Une expertise médicale amiable a été effectuée le 19 février 2024 par le docteur [W] [Z], représentant la compagnie MATMUT. Le rapport d’expertise, rendu le 22 février 2024, a conclu à l’absence de consolidation de Monsieur [V]. L’imputabilité des fractures de la diaphyse fémorale gauche, de la clavicule droite et de la scapula gauche, de la mandibule et de la coiffe de l’épaule gauche a été retenue, les trois premières ayant été constatées par le certificat médical initial, la fracture de la mandibule étant découverte lors du séjour en service de rééducation, l’imputabilité de la fracture de la coiffe de l’épaule gauche étant quant à elle, justifiée par la continuité évolutive et la survenue du diagnostic après l’immobilisation.

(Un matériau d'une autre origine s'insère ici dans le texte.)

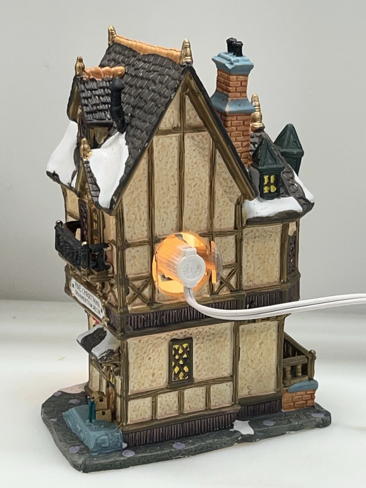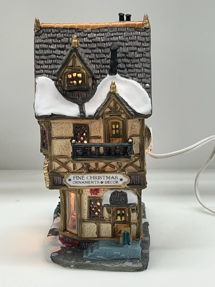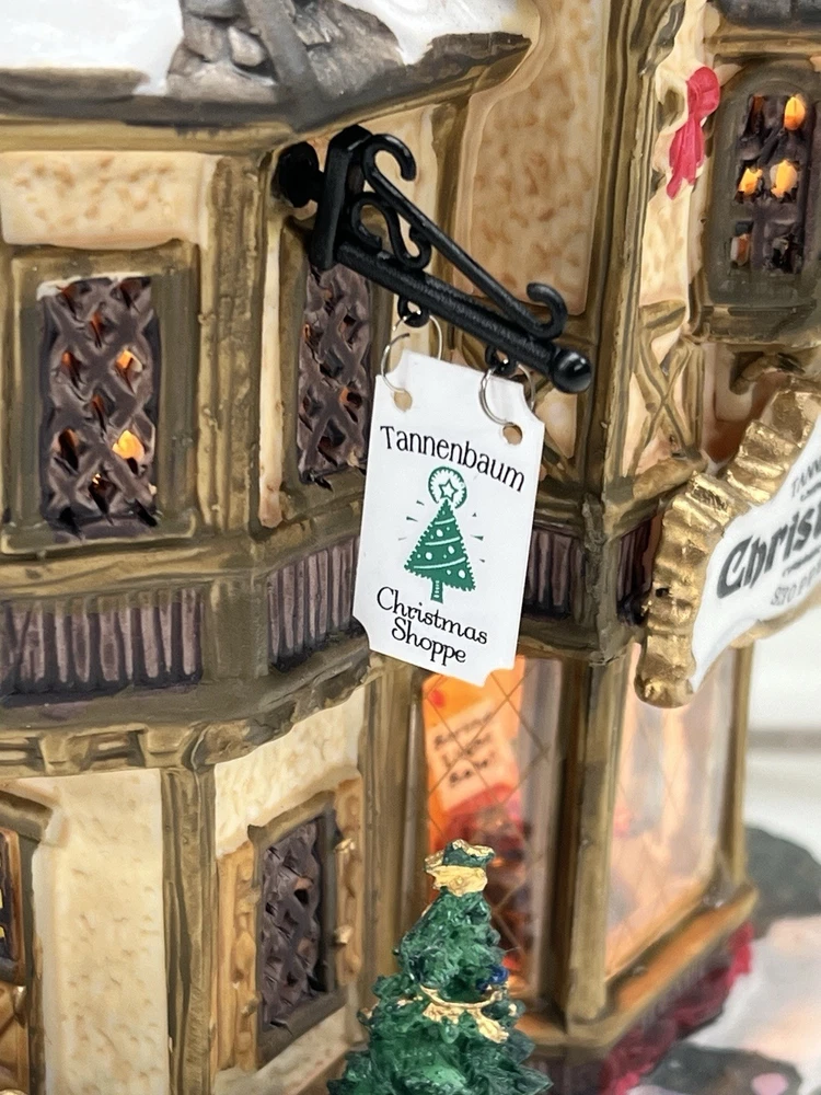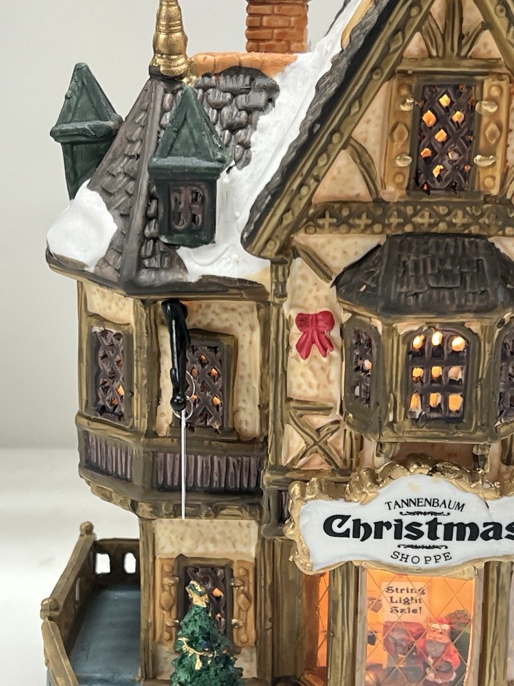 This is a rare and sought-after Lemax Christmas Village piece from the Carillon Decorative Products collection. The Tannenbaum Christmas Shoppe, manufactured in 2003, is a beautiful and intricate porcelain asymmetrical building with a whimsical pattern and multicolor finish. It measures 6 inches in length, 8-1/2 inches in height, and 4 inches in width and comes boxed with a light for easy display in any room. This piece is perfect for collectors of Christmas Shoppe-themed items and those looking to add a touch of Victorian style to their holiday decor. Absolutely incredible detail, design & color ! Perfect pristine condition! Includes all original packaging including cord & light !

Le 22 août 2024, Monsieur [V] a accepté une offre provisionnelle formulée par la MATMUT au titre des dépenses de santés actuelles et des pertes de gains professionnels actuels d’un montant de 7.467,86 €.
Par acte de commissaire de justice du 21 janvier 2025, Monsieur [V] a fait assigner L’OLIVIER ASSURANCE, la MATMUT, la mutuelle ASAF& AFPS et la CPAM d’Eure et Loir, devant le président du tribunal judiciaire de Chartres, statuant en référé.
Il sollicite de voir ordonner une mesure d’expertise médicale judiciaire, sur le fondement de l’article 145 du code de procédure civile, de condamner in solidum les sociétés L’OLIVIER ASSURANCE et la MATMUT à lui verser une provision de 50 000 euros à valoir sur l’indemnisation définitive de ses préjudices ainsi qu’à lui payer la somme de 2 500 euros sur le fondement des dispositions de l’article 700 du code de procédure civile, de statuer ce que de droit sur les dépens et de déclarer la décision à intervenir commune et opposable à la CPAM et à la mutuelle ASAF & AFPS.
A l’audience du 28 avril 2025, Monsieur [V] comparait par son avocat et maintient ses demandes.
La MATMUT comparait par son avocat et sollicite à titre principal sa mise hors de cause au motif que l’action est uniquement fondée sur les dispositions de la loi du 5 juillet 1985. A titre subsidiaire, elle sollicite que son intervention soit limitée aux garanties contractuelles souscrites par le demandeur. En tout état de cause, elle demande au juge des référés de condamner le demandeur à lui verser la somme de 1 200 € au titre de l’article 700 du code de procédure civile et de mettre les dépens à sa charge.
La compagnie L’OLIVIER ASSURANCE comparait par son avocat et demande au juge des référés d’ordonner une expertise judiciaire, qui sera confiée à un collège d’experts spécialisés en dommage corporel et en chirurgie orthopédique et traumatologique des membres supérieurs, selon une mission DINTILHAC. Elle sollicite du tribunal, en outre, de lui donner acte qu’elle propose de verser la somme de 22 000 € au titre de la provision à valoir sur le préjudice corporel de Monsieur [V]. Elle conclut, enfin, au débouté de Monsieur [V] de sa demande sur le fondement de l’article 700 du code de procédure civile.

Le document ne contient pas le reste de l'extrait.